I expanded a bit on @IgorL solution, but extended prototype and gave it a selector function instead of a property to make it a little more flexible:

Array.prototype.unique = function(selector) {
   return this.filter((e, i) => this.findIndex((a) => {
      if (selector) {
        return selector(a) === selector(e);
      }
      return a === e;
    }) === i);
};

Usage:

// with no param it uses strict equals (===) against the object
let primArr = ['one','one','two','three','one']
primArr.unique() // ['one','two','three']

let a = {foo:123}
let b = {foo:123}
let fooArr = [a,a,b]
fooArr.unique() //[a,b]

// alternatively, you can pass a selector function
fooArr.unique(item=>item.foo) //[{foo:123}] (first "unique" item returned)
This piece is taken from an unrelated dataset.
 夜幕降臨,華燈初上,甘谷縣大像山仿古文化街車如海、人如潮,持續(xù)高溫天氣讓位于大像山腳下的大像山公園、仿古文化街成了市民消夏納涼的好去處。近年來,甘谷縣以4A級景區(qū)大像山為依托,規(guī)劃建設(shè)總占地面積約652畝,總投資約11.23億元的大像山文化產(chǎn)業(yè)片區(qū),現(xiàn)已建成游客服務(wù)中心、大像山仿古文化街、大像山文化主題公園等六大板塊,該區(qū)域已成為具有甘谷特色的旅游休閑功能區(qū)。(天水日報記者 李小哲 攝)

Definitely NOT the most performant way to do this but as long as the selector is simple and the array isn't massive, it should work fine.

In Typescript

Array.prototype.unique = function<T>(this: T[], selector?: (item: T) => object): T[] {
   return this.filter((e, i) => this.findIndex((a) => {
      if (selector) {
        return selector(a) === selector(e);
      }
      return a === e;
    }) === i);
};

Solution 5

You can filter using a Set by only including elements with a property value that has not yet been added to the Set (after which it should be added to the Set). This can be accomplished in one line using the logical and operator (&&).
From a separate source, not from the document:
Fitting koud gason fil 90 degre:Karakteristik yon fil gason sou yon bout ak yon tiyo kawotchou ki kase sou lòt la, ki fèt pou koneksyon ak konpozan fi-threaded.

Below is a general function to obtain a unique array of objects based on a specific property (prop) from an array of objects (arr). Note that in the case of duplicates, only the first object with the property value will be retained.
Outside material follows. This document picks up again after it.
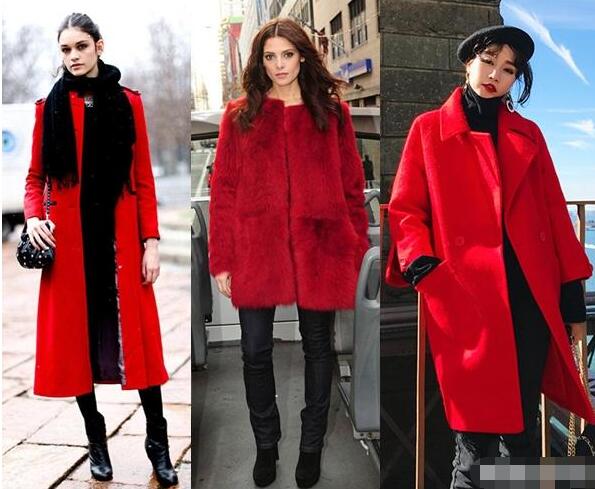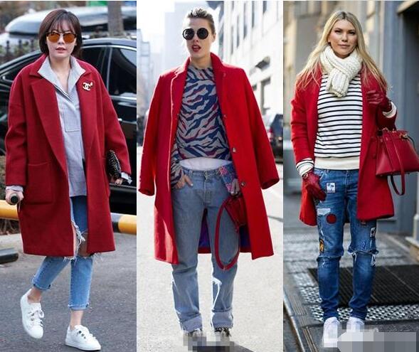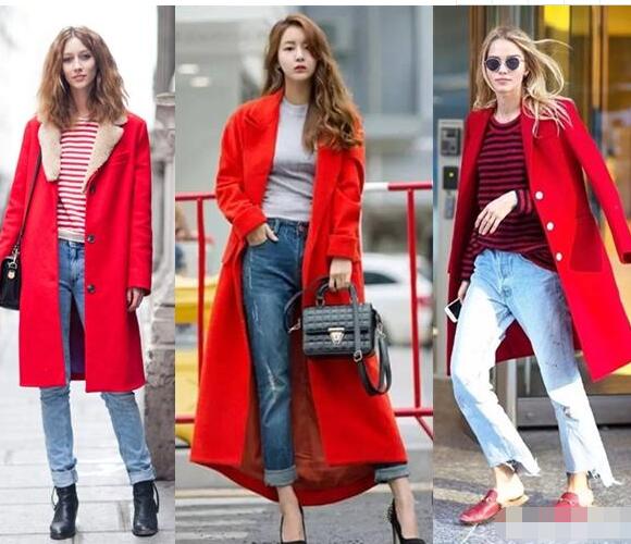 红色呢子大衣,内搭条纹T恤,显得很有活力,特别是条纹T也是红色的更加好看协调,下装搭配浅蓝色牛仔裤时髦耐看,如果脚上搭配毛毛款拖鞋更能时髦了,搭配黑色小短靴就实用性很强。如果你喜欢韩国御姐范,可以像中间的小姐姐一样搭配,内搭小圆领起那灰色打底衫,下装搭配蓝色卷边牛仔裤,尖头高跟单鞋,黑色高跟鞋与黑色小拎包相呼应,一头浪漫的大卷发,御姐范十足。

const getUniqueBy = (arr, prop) => {
  const set = new Set;
  return arr.filter(o => !set.has(o[prop]) && set.add(o[prop]));
};

Demo:

var places = [{
  lat: 12.123,
  lng: 13.213,
  city: 'New York'
}, {
  lat: 3.123,
  lng: 2.213,
  city: 'New York'
}, {
  lat: 3.123,
  lng: 4.123,
  city: 'Some City'
}];
const getUniqueBy = (arr, prop) => {
  const set = new Set;
  return arr.filter(o => !set.has(o[prop]) && set.add(o[prop]));
};
console.log(getUniqueBy(places, 'city'));

View more solutions

79,011

Author by

theblueone

Updated on February 19, 2022

Comments

theblueone about 2 years
I created an array of objects like so:
```
[
    {
        "lat": 12.123,
        "lng": 13.213,
        "city": "New York"
    },
    {
        "lat": 3.123,
        "lng": 2.213,
        "city": "New York"
    },
    {
        "lat": 1.513,
        "lng": 1.113,
        "city": "London"
    }
]
```
I'm trying to create a new array that filters the places to only contains objects that don't have the same city property (lat/lng duplicates are ok). Is there a built in JS or Jquery function to achieve this?